Sexual teasing involves the possibility of sex, then the withdrawal of the perceived invitation.
Teasing violates a standard piece of relationship advice—communicate clearly. But people often don't, especially in dating and the interpersonal dance that precedes sex. In those situations, communication is often indirect and ambiguous, what we call it flirting or teasing.
But in flirting, implied interest in the other person is sincere and involves the real possibility of a sexual relationship. In teasing, the intent is insincere. The teaser uses personal charm (words, jokes, gestures, touch) to excite the other, exerting power over that person, but all the recipient gets is confusion, frustration, and possibly embarrassment.
Researchers at the University of Texas, in Austin, and the University of New Brunswick, Canada, surveyed 742 heterosexual undergraduates (143 men, 599 women) about their experiences with teasing.
Sixty percent of both the men and women recalled being teased at least once. More women (64 percent) than men (43 percent) said they'd been conscious teasers. Men recognize that women tease more than they do, in fact, many men call it "cock teasing."

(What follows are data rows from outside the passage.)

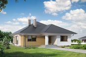 Graficzne opracowanie rzutów poglądowych widocznych na karcie projektu zostało wykonane przez Extradom.pl. Prezentowane przez Extradom.pl wizualizacje wykonane zostały przez autora projektu i należy poczytywać je jedynie za przykład i propozycję wykończenia, wizję architektoniczną autora projektu. Ostateczne wykończenie budynku może nastąpić na wiele sposobów. Szczegółowe rozwiązania zastosowane w oferowanej dokumentacji - w tym również ilość, lokalizacje i wygląd okien, drzwi, kominów - mogą w niewielkim stopniu różnić się od prezentowanej wizualizacji budynku.
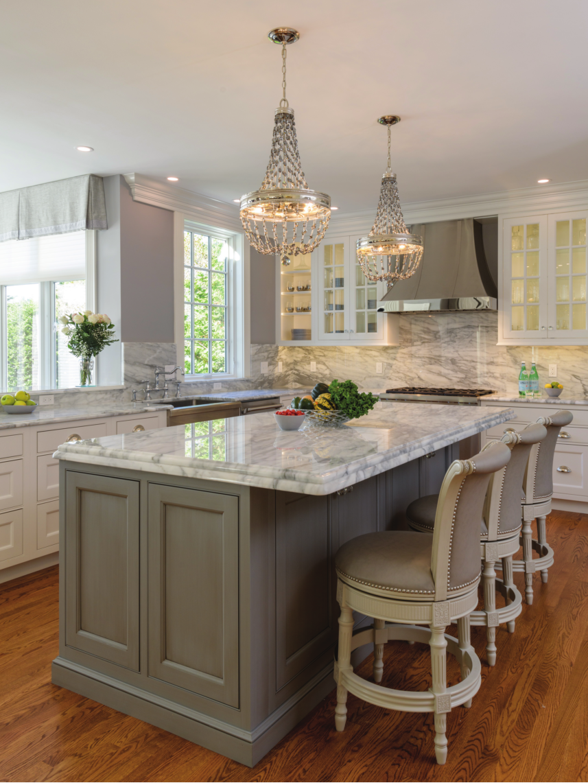 The kitchen is inviting and elegant, featuring gray walls, marble countertops and a marble-topped gray island that is the room’s sculptural centerpiece. “[The homeowner] loves to cook,” Cloutier says. “She wanted to open up the kitchen and make it user-friendly. Now, it fits [her] personality: full of light, bling and sparkle.”
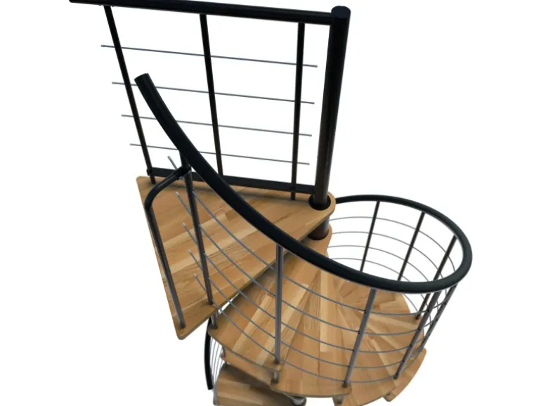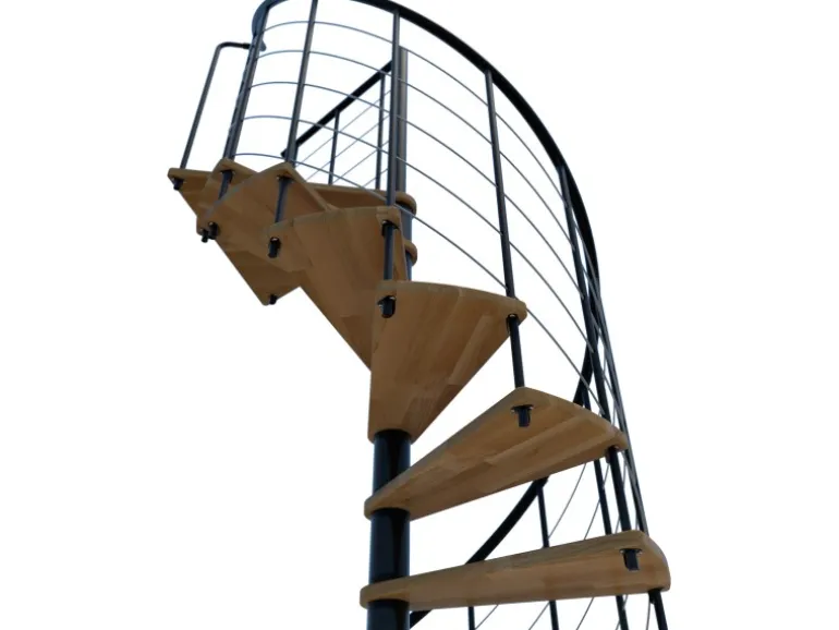 Kombination aus flachen Holzstufen und geschwungenen Untergurten sorgt für dynamische Optik
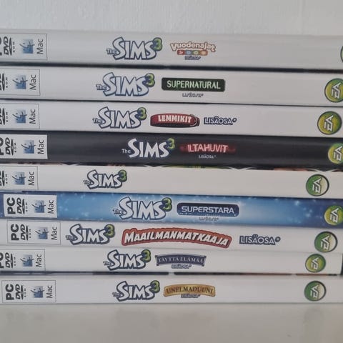 Sims 3 pääpeli ja kuvan sims 3 lisäosat mieluiten myydään pakettina mutta voin myydä myös erikseen. Pelit hyvässä kunnossa

Very few respondents said they'd teased a stranger. Usually, the target was a friend or acquaintance. In fact, in 25 percent of reported teasing incidents, the teaser had previously had intercourse with the target, and half the teasers had previously been sexual with the target in some other way.
Men and women generally had similar motives for teasing, namely: I wanted to make the person want me sexually. I wanted to see how much the person wanted me.
But women were considerably more likely than men to say: I wanted to feel attractive and/or desirable. I wanted to feel in control, powerful. I didn't want to seem too "easy" by having sex right away. I was scared of being pressured into sex, so I did it to buy some time, to look for an out.
Men were considerably more likely to say: I wanted to turn myself on. I wanted to see how far I could get. I did it as a joke or on a dare or bet. I wanted to have something to tell my friends later.
Teasers ascribed generally benign motives to their teasing. They called it harmless fun, flirting with an edge. But they recognized that it was more fun for them than for their target. Recipients had less predictable reactions. In one-third of recalled incidents, the target reacted positively, joking and laughing about being teased. About one-third expressed indifference ("whatever"). About 15 percent of targets ignored the teaser. And approximately 15 percent said that being teased upset them.
The researchers also conducted quick personality inventories on study participants. Personality type had very little to do with teasing. Anyone and everyone is a potential teaser.
This study makes teasing look like a step on the continuum of getting to know others, part of the process of sizing people up as potential romantic/sexual partners. Very few people tease strangers. Teasers generally focus on friends or acquaintances. In many cases, the teaser and the target have already been sexual together. So it looks like teasing represents a way to affirm (or reaffirm) interest in another while at the same time drawing a boundary, saying no trespassing.
This study focused on college students. But the same dynamics are at work in the ways many spouses test the other's interest in sex. Teasing may feel playful to the person doing it. But targets often feel differently. Think about that the next time you're tempted to tease. And the next time you're on the receiving end of teasing, recognize it for what it is, part of the game of courtship, and a game you might lose.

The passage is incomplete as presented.